PROVIDENCE, R.I. -- The state's troubled Economic Development Corporation has been unable, over a two-week period, to account for how much, if anything, it paid the nation's top-bond rating agencies -- including Moody's Investors Service -- to rate its doomed $75-million investment in 38 Studios and other bonds.
On June 21, The Providence Journal asked both the EDC, a quasi-public agency, and the state controller's office for a detailed accounting of amounts paid Moody's, Standard & Poor's and Fitch Ratings for bond ratings and any "other goods/services'' provided since Jan. 1, 2010. From the EDC, chaired by Governor Chafee, The Journal also requested all related correspondence.
The question arose after Moody's waded into the legislative debate over the first direct payment for the EDC's disastrous investment in retired Red Sox pitcher Curt Schilling's now bankrupt video-game company.
Within hours, the state controller's office responded with a detailed accounting of the $573,413 the state of Rhode Island had paid the three rating services.
That included the $188,720 the state had paid Moody's, since Jan. 1, 2010, to rate for investors the worthiness of more than two dozen bonds issued by a variety of state agencies, from the Department of Transportation to the now-defunct Board of Governors for Higher Education.
On Monday, after 10 business days had elapsed -- and the General Assembly had voted to make the first payment and adjourned for the year -- EDC's senior Communications Manager Melissa Chambers responded.

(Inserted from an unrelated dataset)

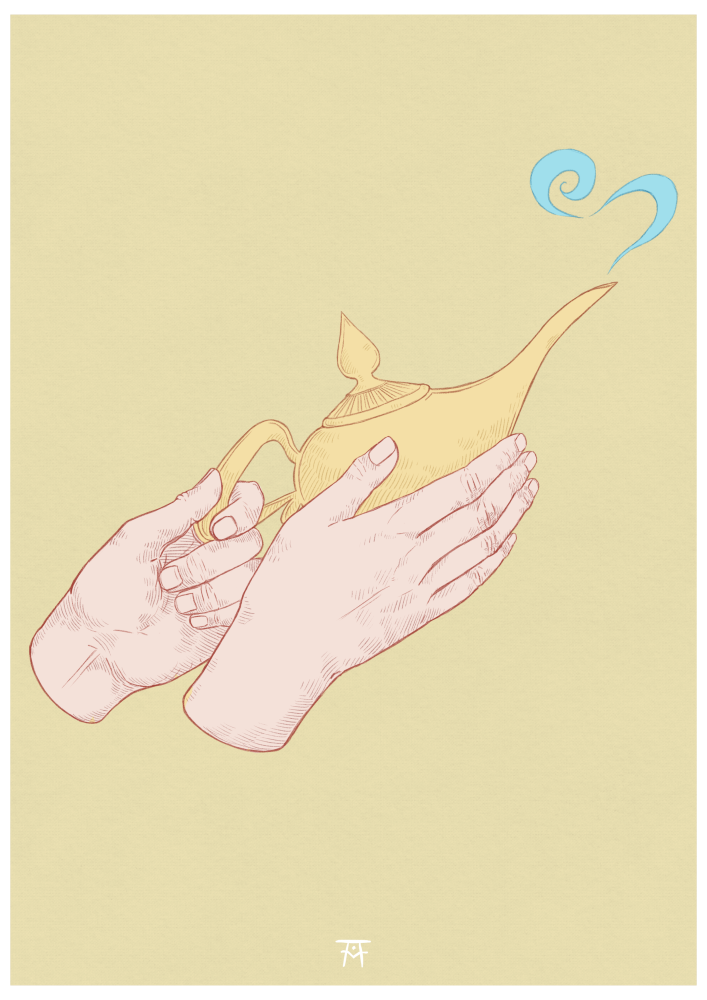 Desenho de mãos segurando uma lâmpada dourada de Aladino com fundo bege

Her letter said the agency needs the additional 20 business days the state's open-records law allows for "good cause'' to respond. At that point, she said, the EDC would require a $45 payment up front for an estimated four hours of retrieval time at $15 an hour "with the first hour free.''
That would put the potential date for EDC's response to The Journal's June 21 inquiry around Aug. 2.